The trickier part, of course, is navigating the social dynamics. Festivals can mean alcohol-heavy environments, late nights, and situations where the people you're with are making choices that don't align with yours. A few things that help:
- Go with your people. Whether that's your Muslim friend group or non-Muslim friends who genuinely respect your boundaries, having a crew that's on the same page makes everything easier.
- Plan your exits. You don't have to leave early every time, but knowing you can — and having your own transportation or a clear plan — means you're never stuck.
- Own your choices out loud. You don't owe anyone an explanation, but a breezy "I'm good, not drinking" said with total confidence tends to shut down any awkward pressure faster than any lengthy justification.
The Solo Travel Era Is Calling Your Name
If there's one summer experience that Muslim women are increasingly claiming, it's solo travel — and it is transformative. There's something uniquely powerful about navigating a new city on your own terms, praying in a hotel room at sunrise, finding a halal restaurant in an unexpected neighborhood, and realizing you are completely, utterly capable.
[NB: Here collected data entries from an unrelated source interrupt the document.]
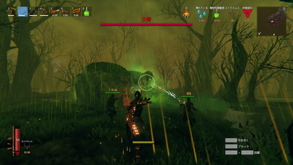 特に毒の継続ダメージがエグいので、ハチミツから作成できる蜂蜜酒の毒耐性を持っていきましょう。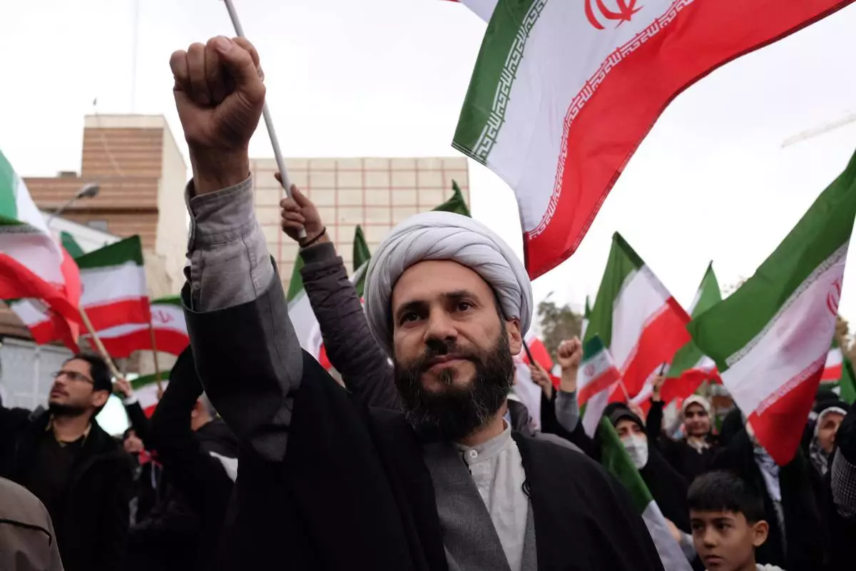 Iranian people attend a demonstration in support of the U.S. and Israeli strikes on Iran in front of Iranian Embassy in Yerevan, Armenia, Saturday, Feb. 28, 2026. (AP Photo/Anthony Pizzoferrato)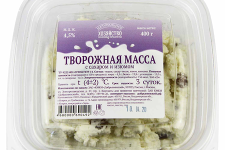 только натуральные ингредиенты: отборный творог, изюм, ванилин и сахар. Она имеет нежный сливочно-ванильный вкус, в котором ощущается яркая кислинка изюма.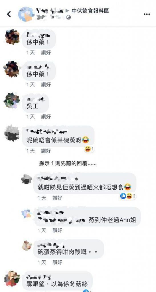 蛋中有一隻類似蜈蚣的黑色物體蜈蚣=中藥?防癌?不少網民見到樓主上傳的照片後,有人質疑樓主所點的到底是否茶碗蒸,並指:「呢碗唔會係茶碗蒸呀」、「碗蛋蒸得咁肉酸嘅」、「蒸得咁老嘅?」亦有網民嘲笑蜈蚣可進補:「係中藥!」、「中藥黎架,據稱防癌」更有網民笑指該菜式名為「廣東名菜禾虫蒸旦」、「元氣名菜蜈蚣蒸蛋」。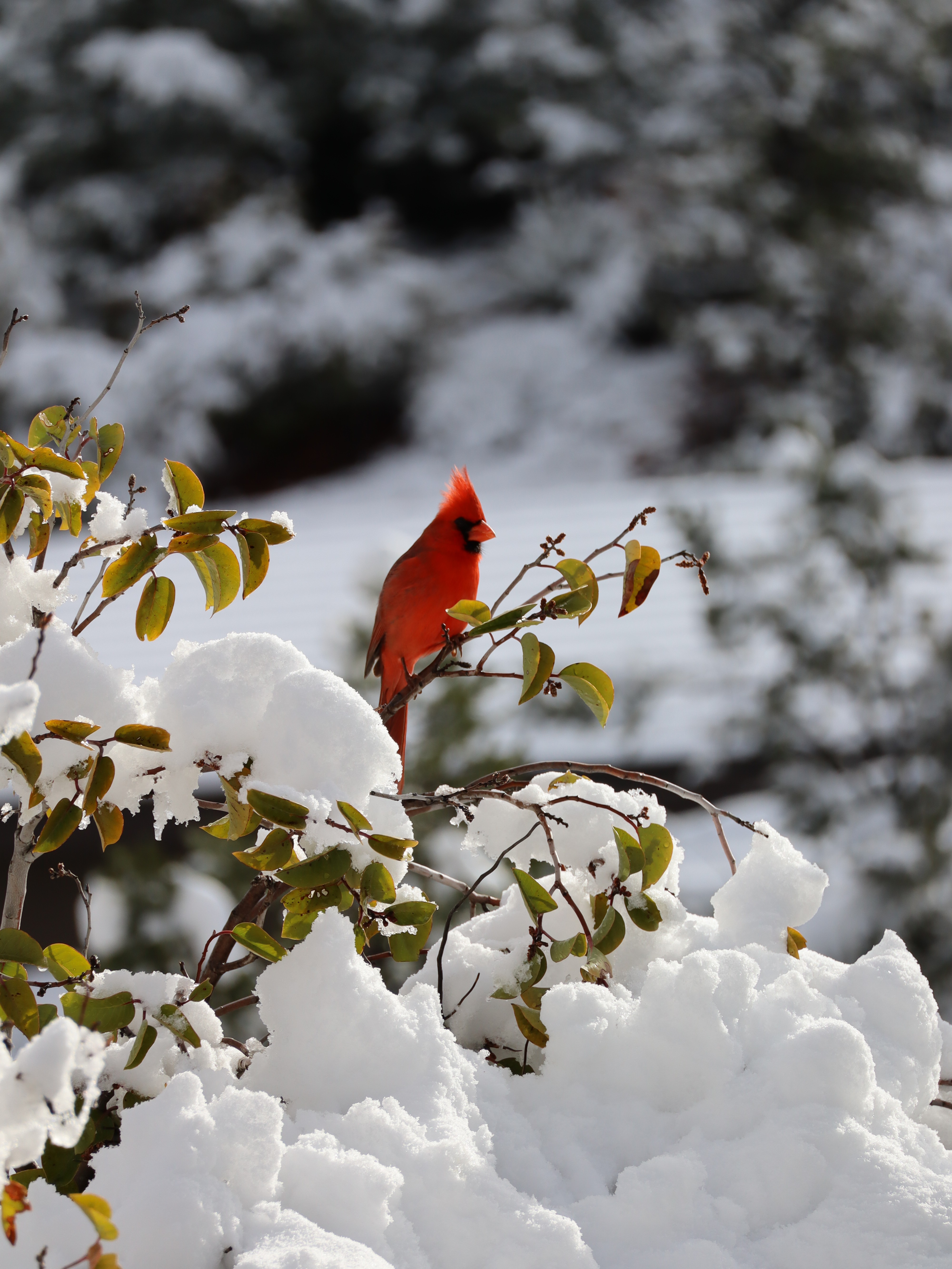 A vibrant scarlet cardinal perched on a snowy branch in Sedona

US destinations that are genuinely Muslim-woman-friendly for solo travel include Dearborn, Michigan (where halal food is everywhere and the Muslim community is vibrant), Chicago's Devon Avenue, New York City in basically every neighborhood, and the growing Muslim travel scene in cities like Atlanta and Houston. But honestly? Anywhere you go, preparation makes confidence.
Download apps like Halal Trip or Zabihah before you leave. Map out your nearest masjid. Research prayer times for your destination. Then go. Explore. Eat something you've never tried. Journal about it. FaceTime your mom from a rooftop. This is what summer is for.
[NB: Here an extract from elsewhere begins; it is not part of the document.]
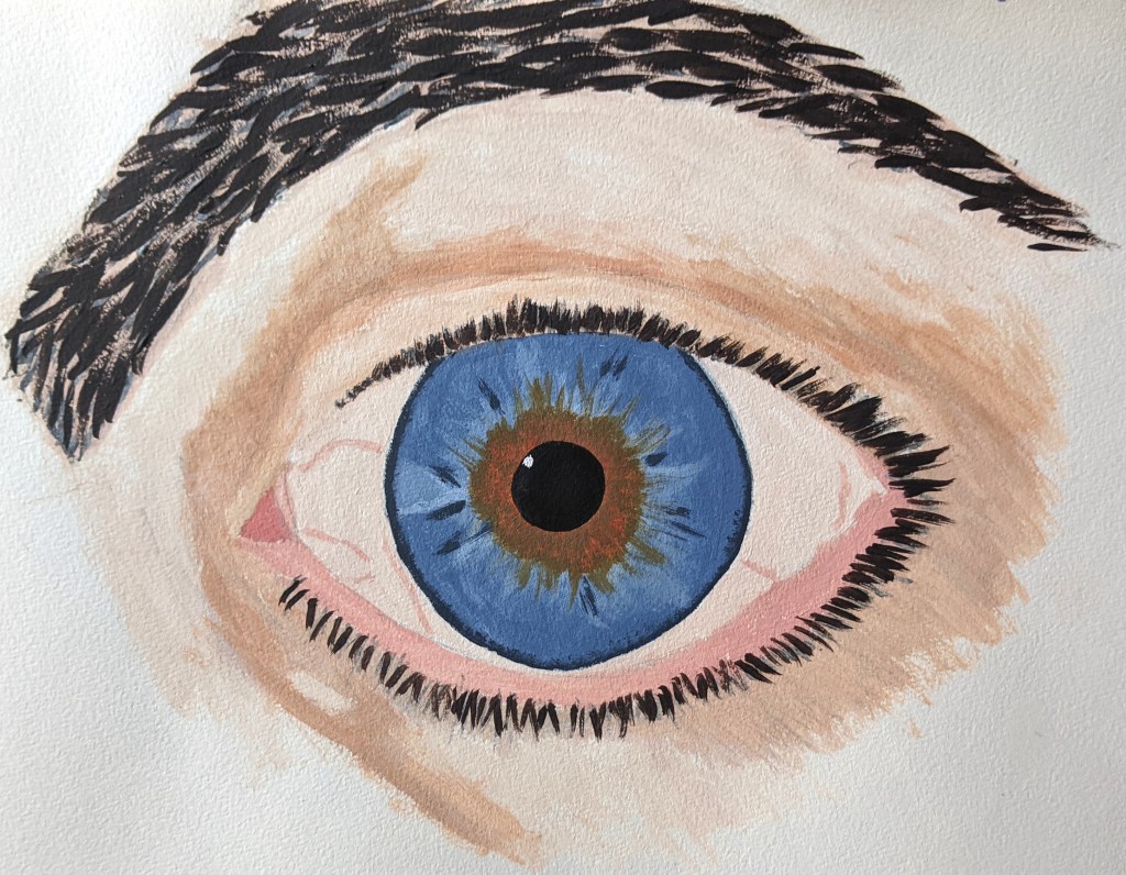 ArtworkSelf portrait November 3, 2021 Attic Mirror Acrylic on paper Hey, no-one said I had to do my whole self! Share this: Share on X (Opens in new window) X Share on Facebook (Opens in new window) Facebook Like Loading... Related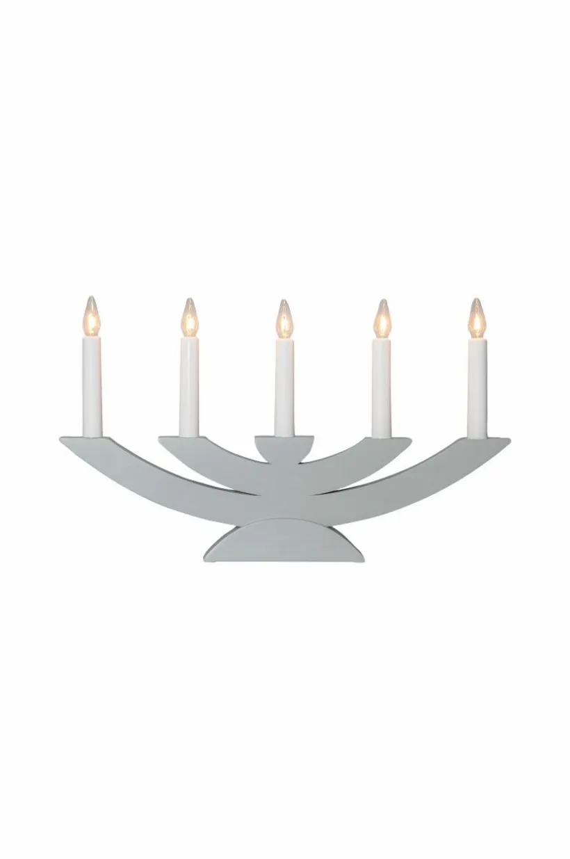 En elegant träljusstake med 5 ljus, vit färg. Placera adventsljusstaken i ett fönster eller på en skänk. Skapar en härlig julstämning i både hem och offentlig miljö. Total effekt 21 W. Ljuskällans effekt 3 W.

Rewriting Friend Group Dynamics
Summer has a way of putting your social life under a microscope. BBQs, beach trips, group vacations — suddenly you're navigating a lot of group decisions, and if you're the only Muslim in your friend circle, it can get complicated fast.
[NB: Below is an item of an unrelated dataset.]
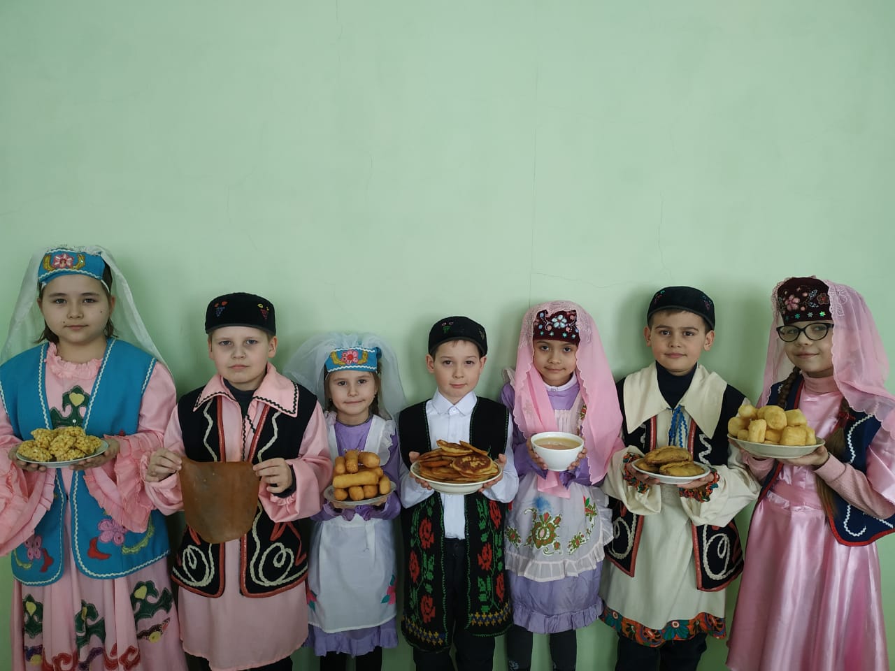 В нашей школе продолжаются мероприятия посвященные Году родных языков и народного единства . Учащиеся знакомятся с национальными костюмами народов живущих в Татарстане, изучают их традиции и обычаи. В этом им помогают и родители учащихся . Они приготовили национальные угощения народов, которые живут у нас в селе. Это - чак-чак, бавырсак, пастила, чувашская сладость из калины, узбекский плов и многое другое. А потом ребята пили чай со сладостями.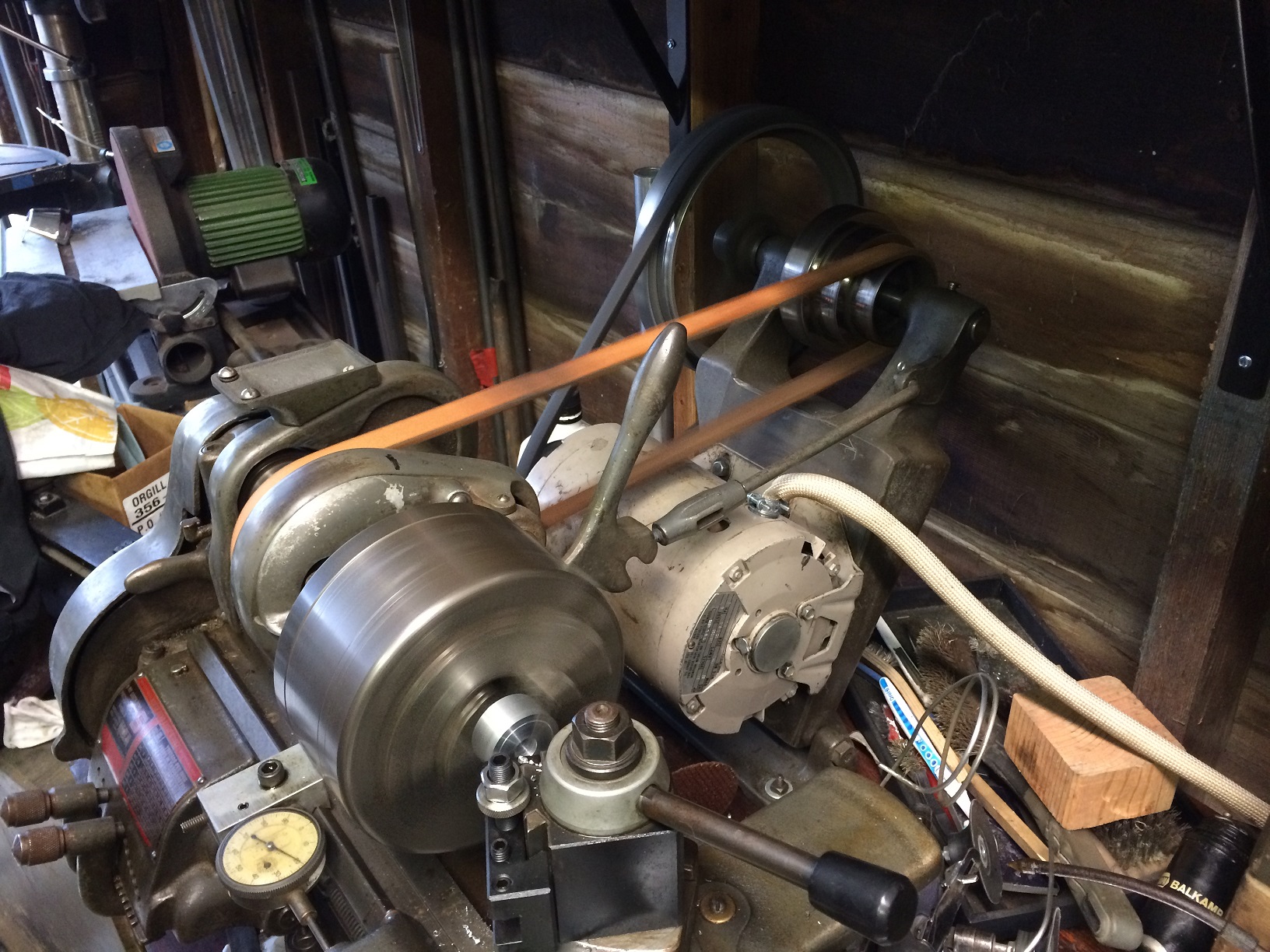 How's this for old school? Neat old, belt driven South Bend lathe. Works like a champ! Sweet! You're missing out on the authentic antique experience with that Aloris tool post though! (IMG:style_emoticons/default/happy11.gif) |

The most important thing? Stop pre-apologizing for your needs. You don't have to frame your dietary restrictions or your prayer schedule or your swimwear choices as inconveniences before anyone has even complained. Walk in with the assumption that your presence and your preferences are equally valid — because they are.
And if your current friend group consistently makes you feel like a footnote in your own summer? That's information worth sitting with. Summer is actually a beautiful time to invest in Muslim community spaces — your local masjid's sisters' events, Muslim women's hiking groups (yes, they exist, and they're thriving on Instagram), or even online communities that organize IRL meetups. Building a friend group that gets it doesn't happen overnight, but it starts with showing up.
Faith as the Foundation, Not the Limitation
Here's the reframe that changes everything: your faith isn't the thing standing between you and a great summer. It's actually the thing that makes your summer meaningful.
When you're not spending your energy chasing a version of fun that was never designed for you, you get to put that energy somewhere real. Into connections that actually nourish you. Into experiences that leave you feeling full instead of hollow. Into a version of rest and adventure that aligns with who you actually are.
That might look like a weekend at a lakeside cabin with your closest friends, all of you in matching modest swimwear, laughing until your stomach hurts. It might look like a solo road trip where you listen to Quran in the morning and your favorite podcast in the afternoon. It might look like hosting your own rooftop iftar-style dinner party even when it's not Ramadan, just because you love feeding people and watching the city lights come on.
It looks like whatever you want it to look like.
This summer, the only script you're following is the one you write yourself. Make it a good one.